Réponse du berger à la bergère. Au lendemain de la conférence de presse de la Coalition des 14 partis de l’opposition qui brandit la menace de reprise des manifestions de rue, le gouvernement togolais est sorti de son silence en rencontrant les professionnels de la presse ce mercredi 24 octobre 2018 à Lomé dans le cadre d’une conférence de presse qui, semble siffler la fin de la souplesse dont le gouvernement a fait preuve ces derniers temps.

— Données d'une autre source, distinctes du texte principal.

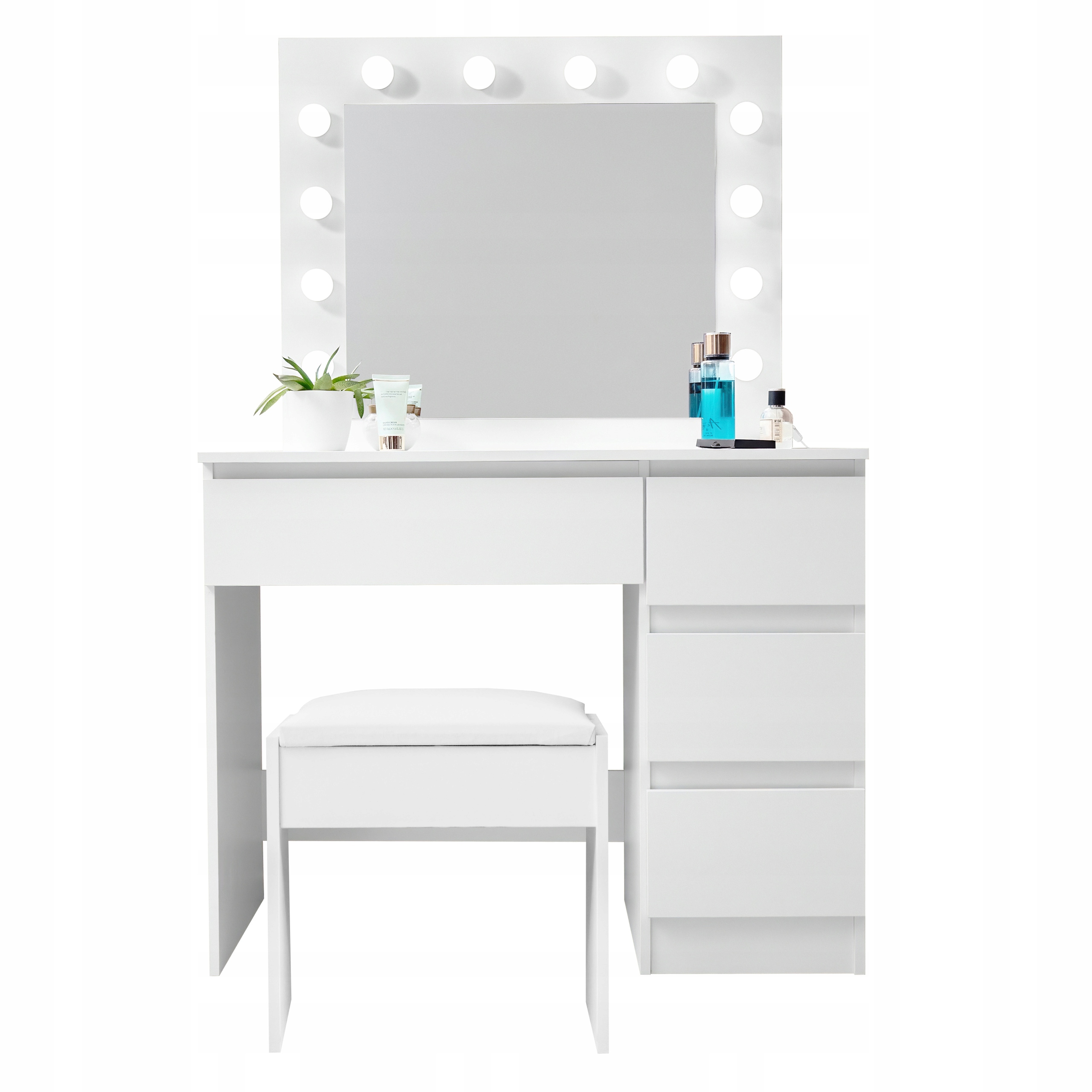 Toaletka z lustrem i oświetleniem + taboret Biały mat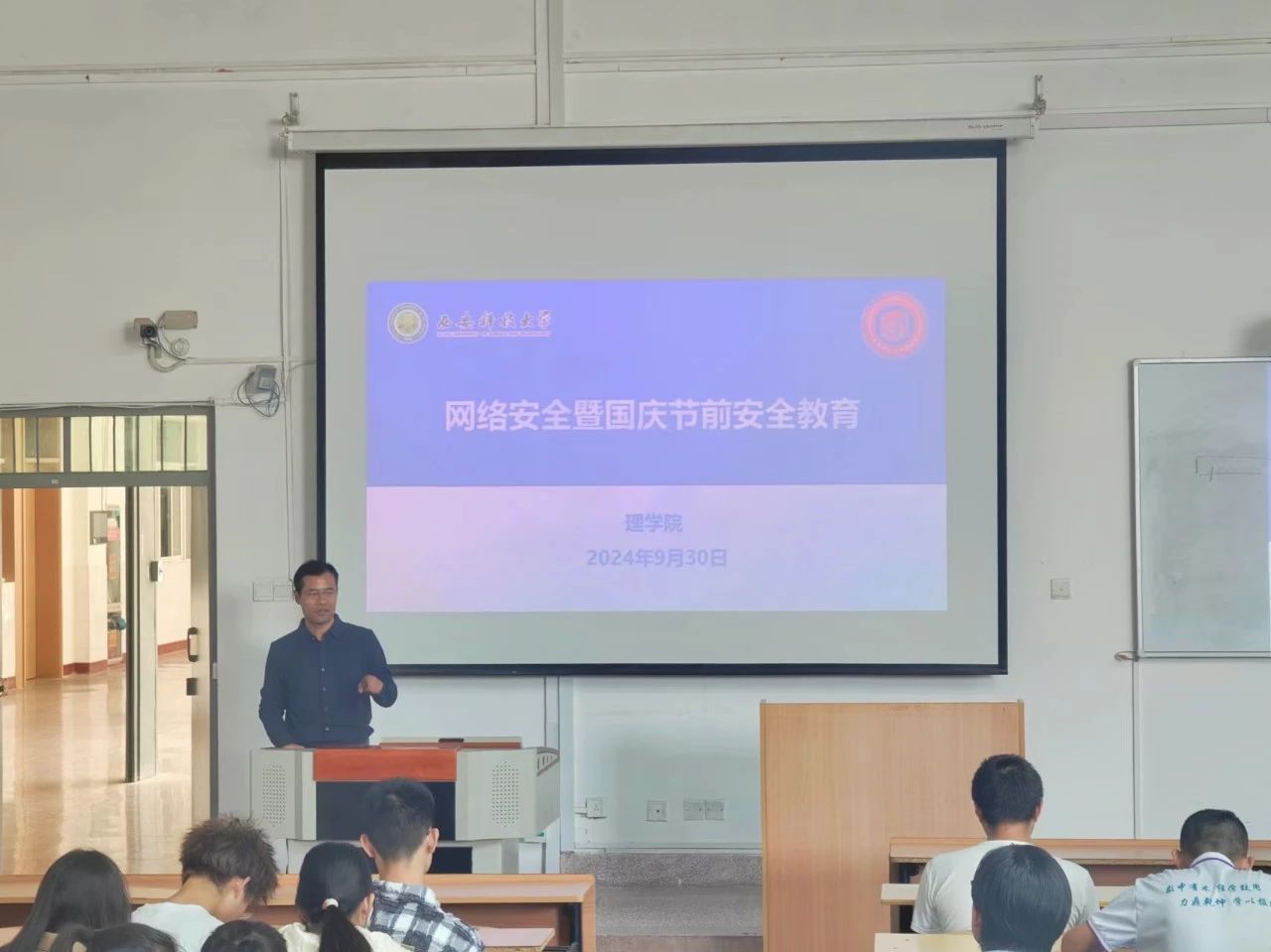 为确保国庆假期期间的安全稳定,增强同学们的网络安全意识,9月30日,公司召开了网络安全暨国庆节前安全教育会。本次教育会由院2021级与2023级辅导员侯斌刚主讲,公司2021级与2023级全体本科生参加。

Plusieurs sujets étaient à l’ordre du jour de cette conférence de presse animée par le gouvernement togolais représenté par le Ministre de la fonction publique et de la réforme administrative, Gilbert Bawara qui fait office du porte-parole du gouvernement  et son collègue de l’Administration Territoriale, de  la Décentralisation et des Collectivités Locales, Payadowa Boukpessi. Ils avaient à leurs côtés, le président du groupe parlementaire UNIR, Christophe Padoumhekou Tchao. Au nombre des sujets abordés à cette conférence de presse, l’épineuse question de la désignation des membres de la Commission Électorale Nationale Indépendante (CENI) par la Coalition de l’opposition (C14) au titre de partie prenante à cette institution. Sur cette question, le Ministre Bawara, point focal de la délégation du pouvoir au dialogue, n’est pas allé du dos de la main, « La C14 n’est pas une partie prenante de la CENI »  allusion faite à la loi, notamment l’article 12 du code électorale. Ainsi, la C14 n’a pas le doit de s’arroger le droit de désigner toute seule, les représentants de l’opposition devant siéger au sein de cette institution.  » Elle (C14) n’a aucun droit de désigner les représentants de toute l’opposition à la CENI » a-t-il poursuivi.

Sur le sujet de la mise en oeuvre de la feuille de route de la CEDEAO en occurrence, la tenue des élections législatives le 20 décembre et les réformes constitutionnelles, le porte-parole du gouvernement est catégorique et formel. « La date du 20 décembre sera respectée ». Pour ce qui est des réformes, il estime que le choix de la date relève de la compétence du chef de l’Etat et du premier Ministre, il n’est donc pas en mesure de dire à quelle date elles auront lieu, cependant ce dont il est certain, « il y aura une révision constitutionnelle ». Pour ce qui est de la menace de la C14 de reprendre les manifestations de rue, le point focal du gouvernement au dialogue est ferme. « Il n’y aura plus un nouveau 19 Août 2017 au Togo ». Selon, le Ministre Bawara, il n’est pas admissible que chaque fois, des personnes commettent des infractions pour espérer ne pas être sanctionnées selon les lois en vigueur, au nom de l’apaisement. « Les personnes qui seront auteurs de trouble à l’ordre public et autres infractions seront recherchées, arrêtées et feront face à la justice »

Il faut dire que cette conférence de presse du gouvernement au cours de laquelle le ton a été  assez  ferme et catégorique, montre la détermination du gouvernement à ne plus permettre toute situation qui viserait à semer du désordre dans le pays. C’est une conférence de presse qui sonne comme le retour de l’autorité de l’Etat après des moments de flottement, de laxisme et surtout de concessions au nom de l’apaisement mais qui au finish, ne semblent pas porter ses fruits avec une opposition de plus en menaçante vis-à-vis du gouvernement et de l’autorité de l’Etat.